*To do*:
Only one stretch of the data below is needed: the line with "Il quadro, destinato" through the last line. Output it exactly and drop the pictures.

*Working data*:

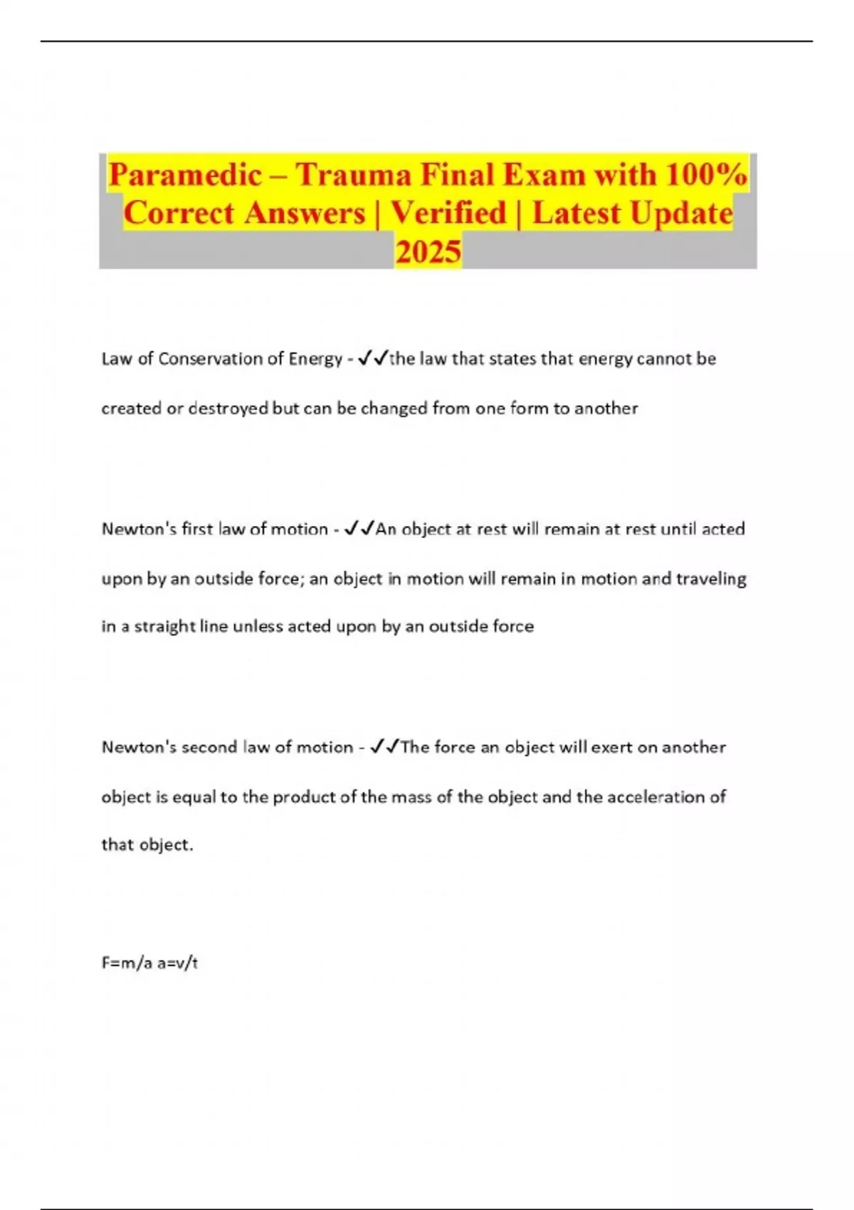 Paramedic – Trauma Final Exam with 100% Correct Answers | Verified | Latest Update 2025
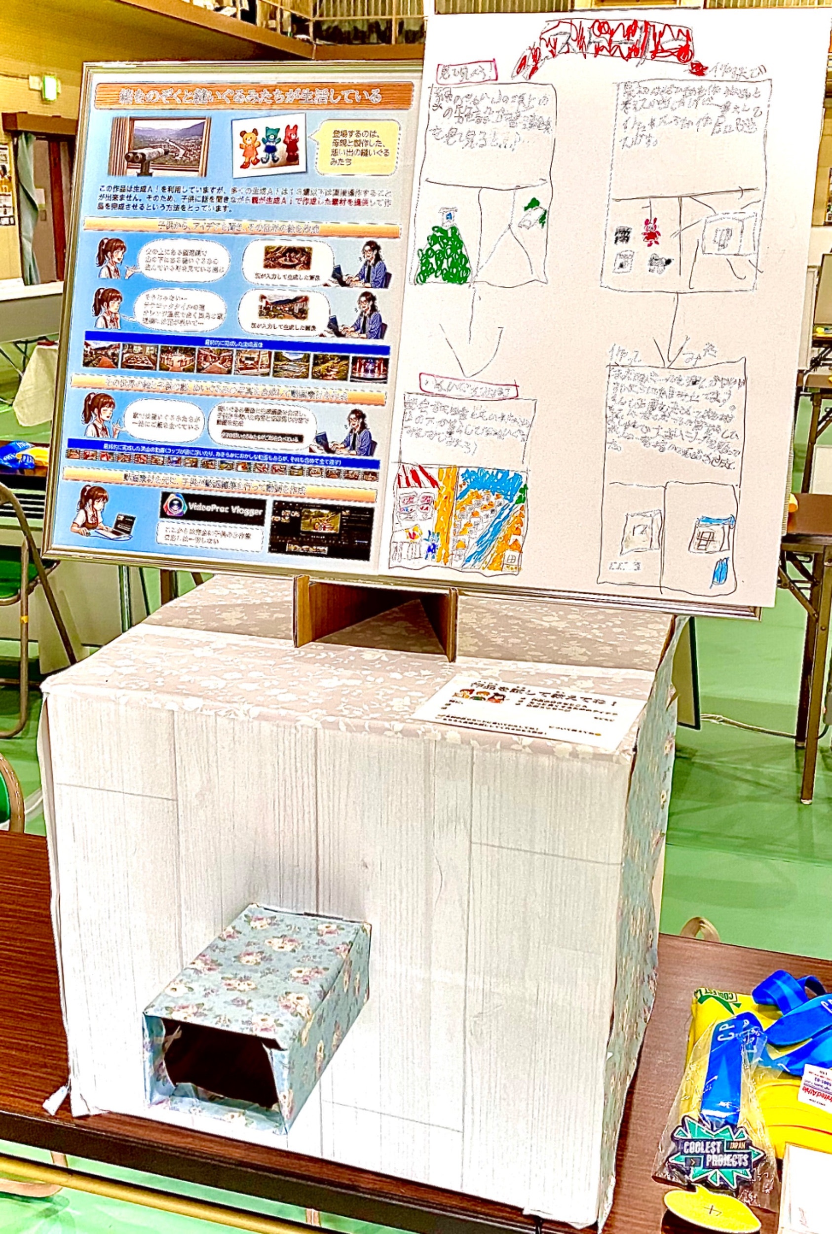 私の下の娘も「箱をのぞくと縫いぐるみたちが生活している」という作品を応募し、展示しました。
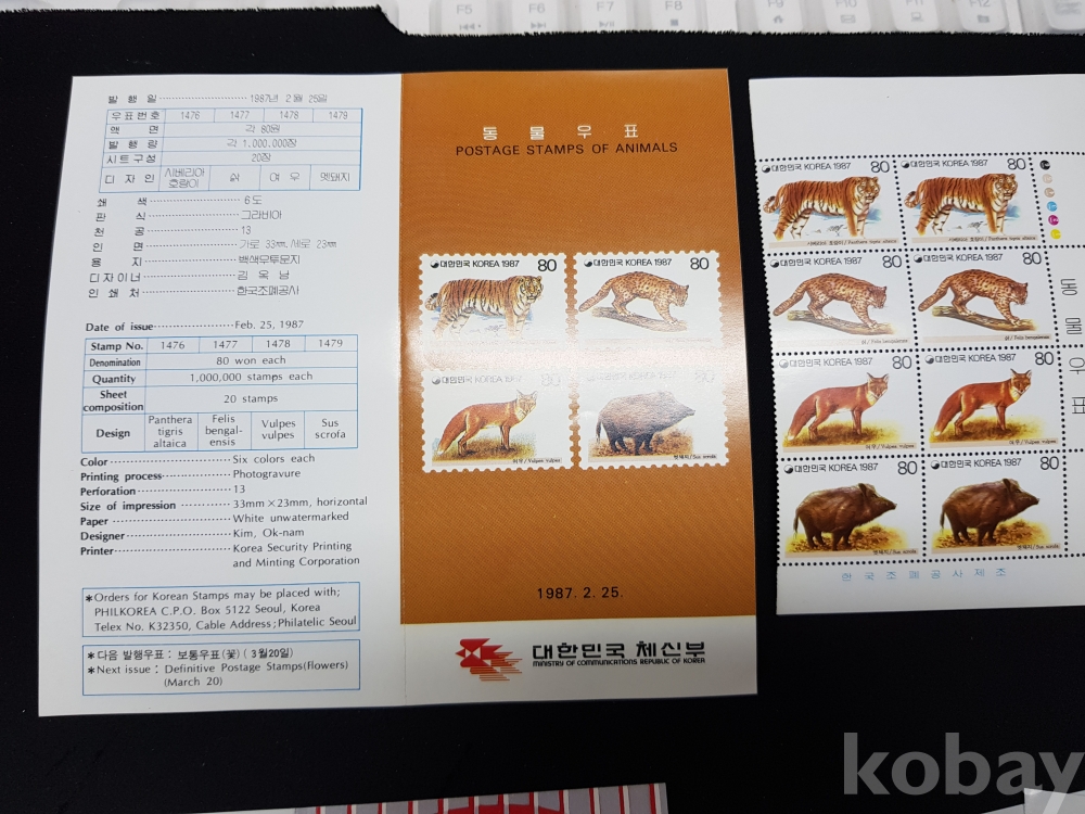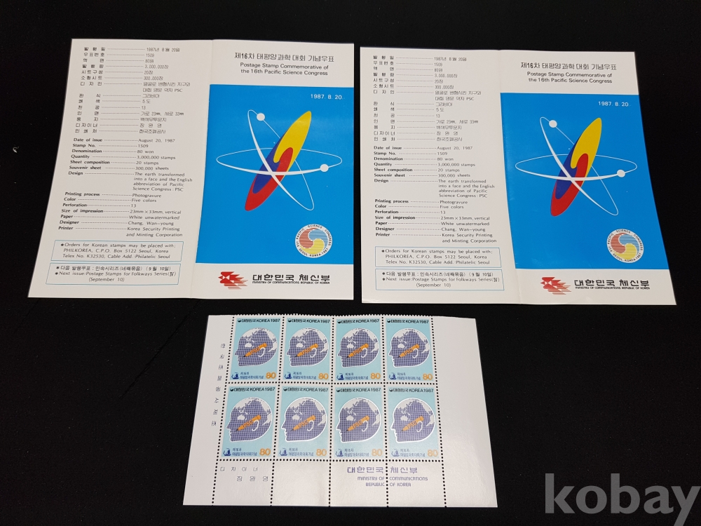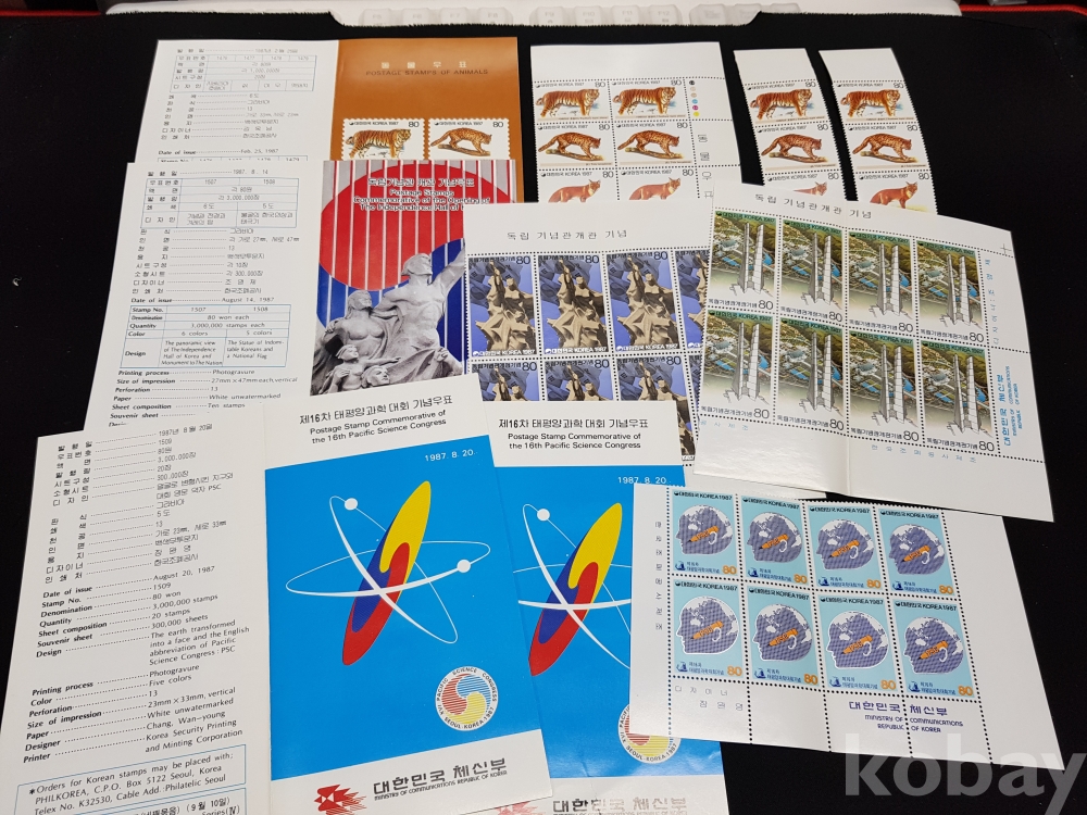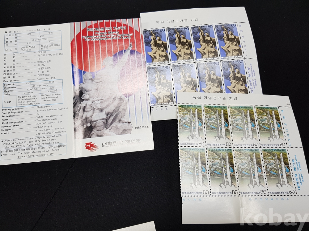 - 1987년 기념우표 시트, 명판, 안내카드 등 모음
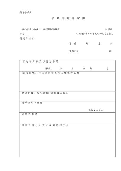 優良宅地認定書(京都市)
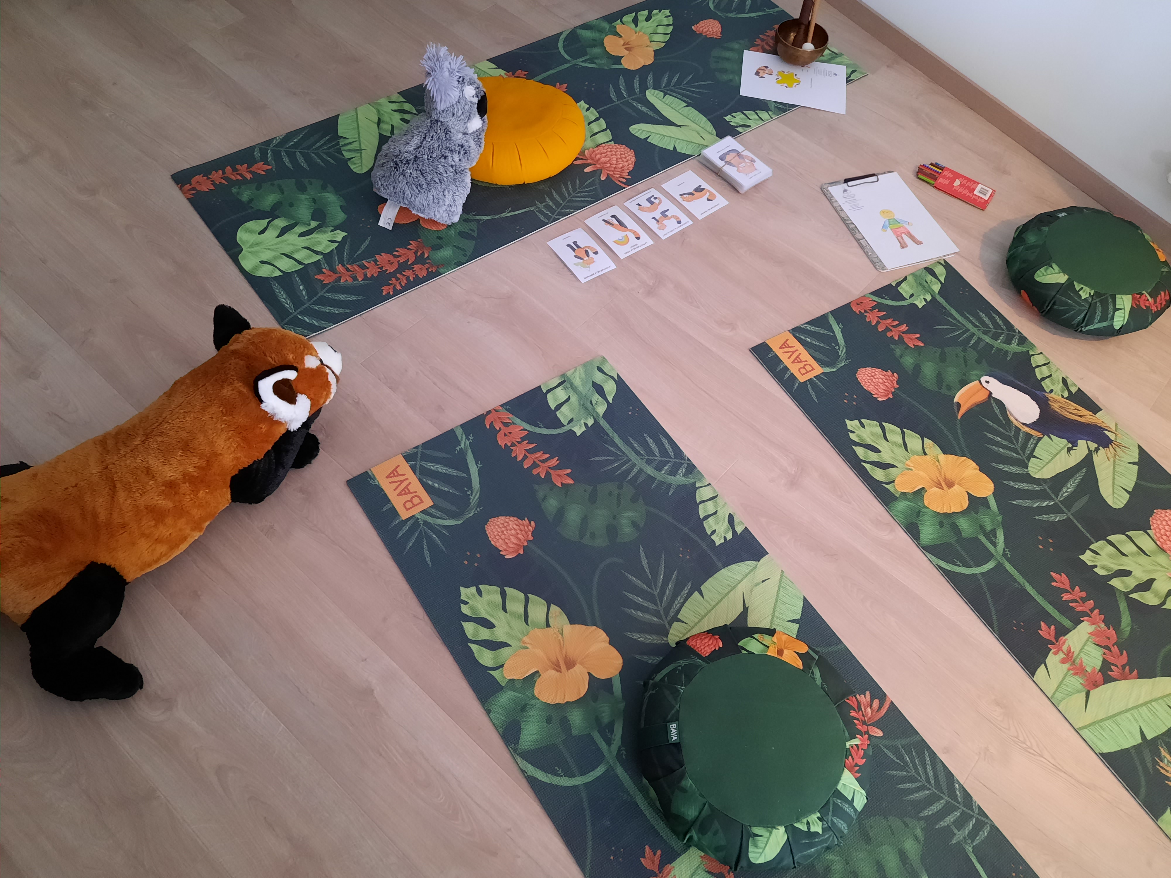 Pour cela, j’ai créé avec mon fils des Contes-Yoga mettant en scène ses peluches préférées : Happy, un petit panda roux plein de vie et Colibri, un petit oiseau guidé par la sagesse, qui vous feront voyager dans la joie et l’émerveillement, à la découverte de son corps, de son souffle, de sa magie intérieure.
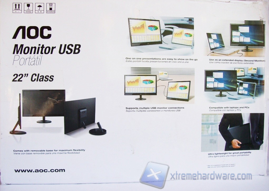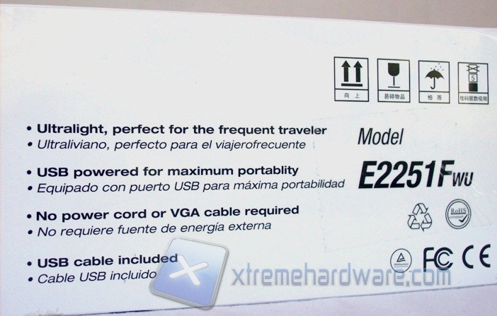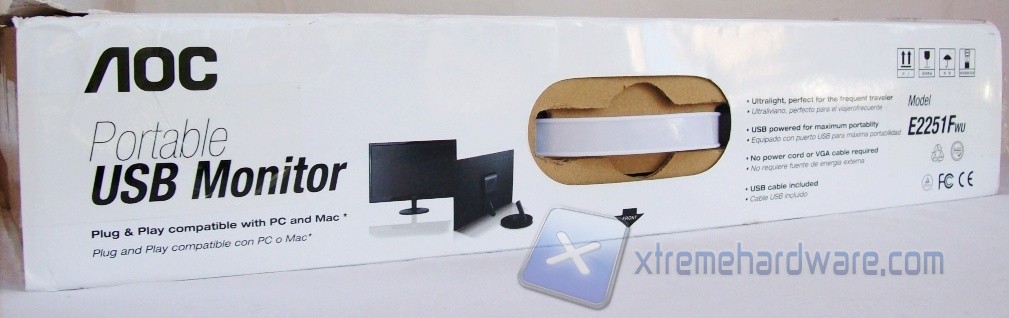 Sul retro, in lingua inglese e spagnola, vengono riportate le caratteristiche che contraddistinguono il monitor USB, mostrate precedentemente. Nella parte superiore è stata aggiunta una pratica maniglia per facilitarne il trasporto; i lati, ad eccezione di un adesivo identificativo, risultano privi di informazioni.
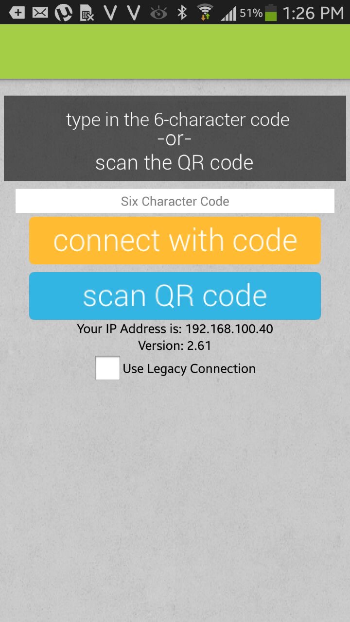 ثم انقر على connect with code.
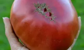 Именно сочетание нестандартной формы, фактурной ребристости, глубокого антоцианового окраса и крупного размера делает внешний вид этих плодов запоминающимся и легко узнаваемым среди других сортов томатов.
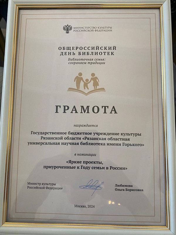 Библиотека имени Горького отмечена наградой Министерства культуры Российской Федерации в номинации «Яркие проекты, приуроченные к Году семьи в России»
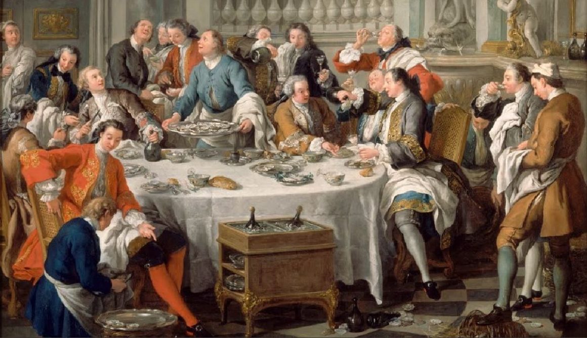 Il quadro, destinato ad ornare la sala da pranzo di un appartamento del Castello di Versailles rappresenta un pranzo di ritorno da una battuta di caccia a cavallo. Sulla tavola un trionfo di ostriche – si narra che ne mangiassero almeno 300 – trasportate rapidamente, in ceste di paglia, dalla costa francese, consumate con pane, aglio, burro, sale e pepe, e come bevanda solo Champagne, che era senz?altro dolce, come allora di moda, e quindi perfetto per contrastare la sensazione salmastra del mollusco; i bicchieri erano di forma conica, ben freddi per mezzo di piccole boule di porcellana riempite di ghiaccio. In primo piano un pregiato mobile in stile Rocaille con funzione di seau ? glace e porta stoviglie, contenente bottiglie di Champagne con tappi di sughero tenuti saldi da diversi giri di spago.
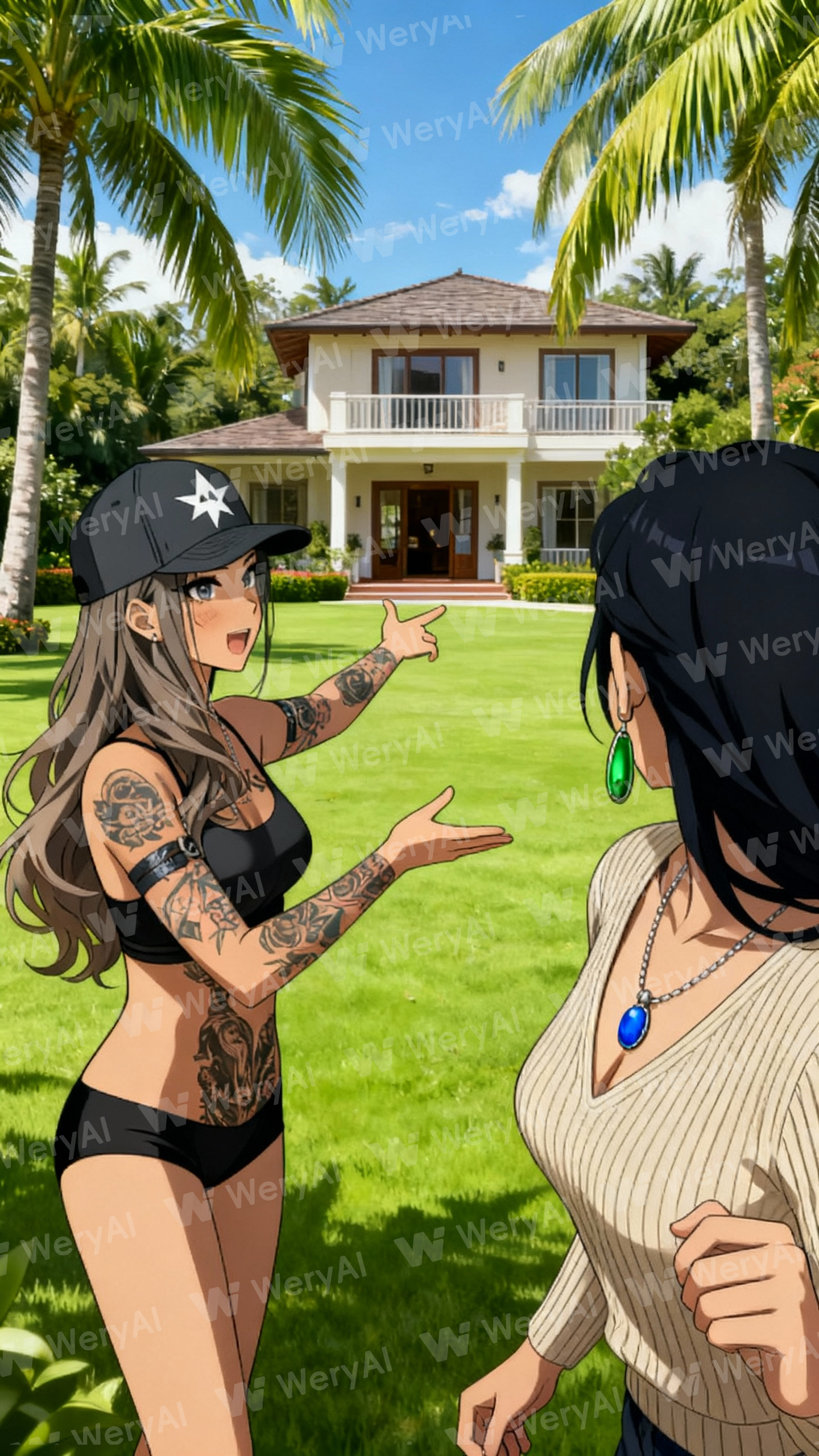 anime style, dark-haired woman, girl in a baseball cap and black bikini, wide shot, gesturing towards the guest house, manicured lawn, swaying palm trees, playful interaction between girl and woman, sense of mystery, masterpiece, best quality, ultra-detailed, cinematic quality

*Solution below*:
 Il quadro, destinato ad ornare la sala da pranzo di un appartamento del Castello di Versailles rappresenta un pranzo di ritorno da una battuta di caccia a cavallo. Sulla tavola un trionfo di ostriche – si narra che ne mangiassero almeno 300 – trasportate rapidamente, in ceste di paglia, dalla costa francese, consumate con pane, aglio, burro, sale e pepe, e come bevanda solo Champagne, che era senz?altro dolce, come allora di moda, e quindi perfetto per contrastare la sensazione salmastra del mollusco; i bicchieri erano di forma conica, ben freddi per mezzo di piccole boule di porcellana riempite di ghiaccio. In primo piano un pregiato mobile in stile Rocaille con funzione di seau ? glace e porta stoviglie, contenente bottiglie di Champagne con tappi di sughero tenuti saldi da diversi giri di spago.
 anime style, dark-haired woman, girl in a baseball cap and black bikini, wide shot, gesturing towards the guest house, manicured lawn, swaying palm trees, playful interaction between girl and woman, sense of mystery, masterpiece, best quality, ultra-detailed, cinematic quality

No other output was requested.